**DIRECTIONS:**
Exactly the lines from the beginning of the records to the line with "从观塘线转东铁线,出了闹市区", both ends included, are to be given again, and pictures are to be left out.

**EXCERPTED DATA:**
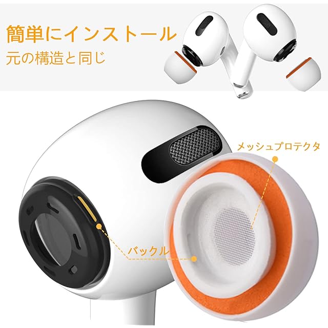 【シリコンカバー+形状記憶素材】AirPods Proの耳栓部分の隙間に形状記憶素材を入れて遮音性を高めよう、と言う感じの改造です。オレンジ色のフォームは一般的な耳せんと同じように形状記憶になっているので少し指で押してから装着して少し待つとフィット感が増します。外側はシリコンのままなのでパッと見は同じですが遮音性はグッとアップします。
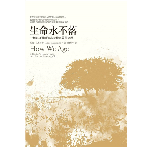 很高興二○ 一一年二月出版的《How we age: a doctor's journal into the heart of growing old》一書,現在已有中文版《生命永不落:一個心理醫師追尋老化意義的旅程》問世。此書的作者馬克‧ 艾格洛寧是資深的美國老年精神專科醫師,在「邁阿密猶太健康系統」的安養中心行醫,其病人平均年齡將近一百歲,最年輕的病人是六十二歲。他把十四年來照護老年人的臨床經驗、老年醫學知識和所悟出人生哲理融會貫通,並以不同病人的生命故事來貫穿全書,讓讀者跟著作者,由老化的觀點、巡訪老年、記憶褪色、智慧圓融,最後走到生命的邊境。
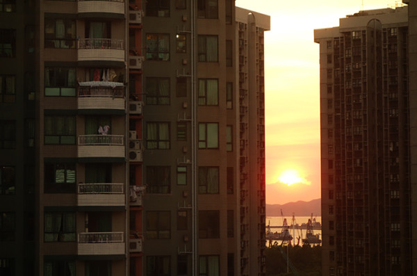 从观塘线转东铁线,出了闹市区,列车离开地下,行驶到地面上。列车两旁是大片的绿野,间或有些成片的民居。阵雨已经停了,阳光又强烈起来,我看着窗外退去的民居,想着,在那些普通的窗口后面,不知有多少这样普通的悲欢离合。
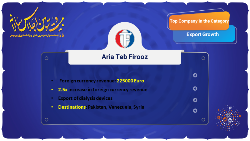 - جائزة التميز في التصدير – شركة آريا طب فيروز، منتجة أجهزة غسيل الكلى، زادت إيراداتها بالعملات الأجنبية بمعدل 2.5 مرة مع صادرات إلى باكستان وفنزويلا وسوريا.
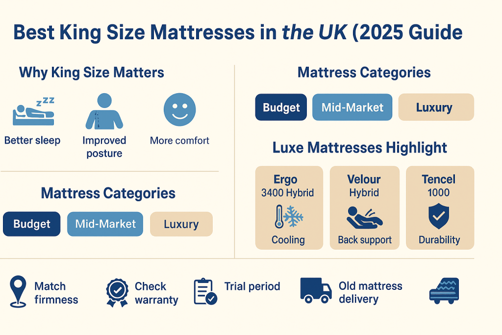 Selecting the right king size mattress can transform the quality of your sleep. A well-designed mattress is not only about comfort, it also supports posture, relieves back pain, and ensures you wake up feeling refreshed. For many people in the UK, the challenge is not knowing whether to go for a cheaper boxed mattress, a mid-range hybrid, or a handcrafted luxury model. With the market becoming increasingly competitive, choosing the right one requires careful research.
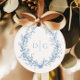 Klassische viktorianische Gastgeschenk Hochzeit-Tags mit zartem, staubblauen Wappen in Aquarellblau und elegantem Monogramm. Das weiche botanische Design umrahmt die Initialen des Paares wunderschön und schafft einen zeitlosen und raffinierten Look.
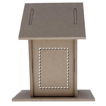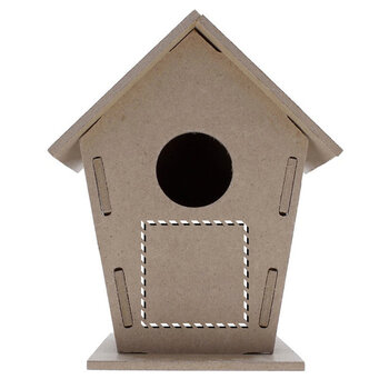 Le produit est un nichoir fabriqué en aggloméré de bois, destiné à être assemblé.

**EXERCISE SOLUTION:**
 【シリコンカバー+形状記憶素材】AirPods Proの耳栓部分の隙間に形状記憶素材を入れて遮音性を高めよう、と言う感じの改造です。オレンジ色のフォームは一般的な耳せんと同じように形状記憶になっているので少し指で押してから装着して少し待つとフィット感が増します。外側はシリコンのままなのでパッと見は同じですが遮音性はグッとアップします。
 很高興二○ 一一年二月出版的《How we age: a doctor's journal into the heart of growing old》一書,現在已有中文版《生命永不落:一個心理醫師追尋老化意義的旅程》問世。此書的作者馬克‧ 艾格洛寧是資深的美國老年精神專科醫師,在「邁阿密猶太健康系統」的安養中心行醫,其病人平均年齡將近一百歲,最年輕的病人是六十二歲。他把十四年來照護老年人的臨床經驗、老年醫學知識和所悟出人生哲理融會貫通,並以不同病人的生命故事來貫穿全書,讓讀者跟著作者,由老化的觀點、巡訪老年、記憶褪色、智慧圓融,最後走到生命的邊境。
 从观塘线转东铁线,出了闹市区,列车离开地下,行驶到地面上。列车两旁是大片的绿野,间或有些成片的民居。阵雨已经停了,阳光又强烈起来,我看着窗外退去的民居,想着,在那些普通的窗口后面,不知有多少这样普通的悲欢离合。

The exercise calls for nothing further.